Remigio was pleased to see us when we returned today to buy the newly finished cooker. He had cooked a rice dish in the new cooker and said it took 2 hours instead of the 2 1/2 hours that his 9-year-old cooker takes. It seemed to be a trick to catch for the right bus, so we caught a different one and walked quite a ways from the Yanamayo prison to his house. We carried the cooker back into town in a combi, paying for two extra seats.

When Ruperta saw it in our room, she hugged it!

Postscript: Solar Store in Puno
ElectroSol in Bellavista neighborhood sells solar PV panels and parts, thermal hot water systems, and this one style of parabolic solar cooker (done for the day).

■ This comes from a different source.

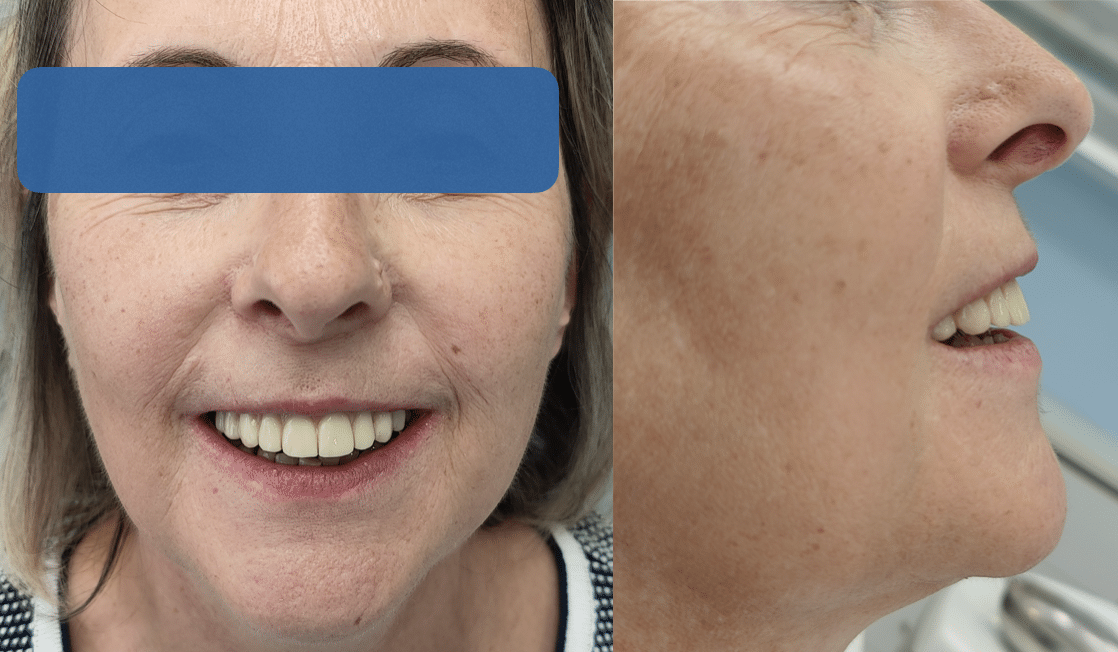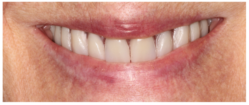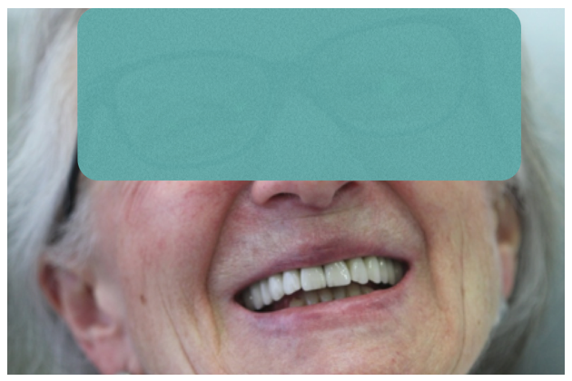 Par ailleurs, le découvrement de la lèvre créant un sourire très inesthétique, la restauration implanto-prothétique devra tenir compte de cet aspect très important pour la patiente.

We helped Silvano buy a regulator so he could charge batteries with his 85 watt panel.
Silvano's panel was too big for the regulator we had brought, so we bought one at ElectroSol. See the hot water panel and tank behind us.

March 30 update.

Remigio was all out of "placas offset," used offset printer plates, necessary to make his cookers. We found some at a print shop in Puno and brought them to him, ordered additional reflectors to power up the ULOG. They are smaller than the ones he is used to using from Bolivia, but he is creative and thinks he can make the cookers and reflectors just fine. ¡What a guy!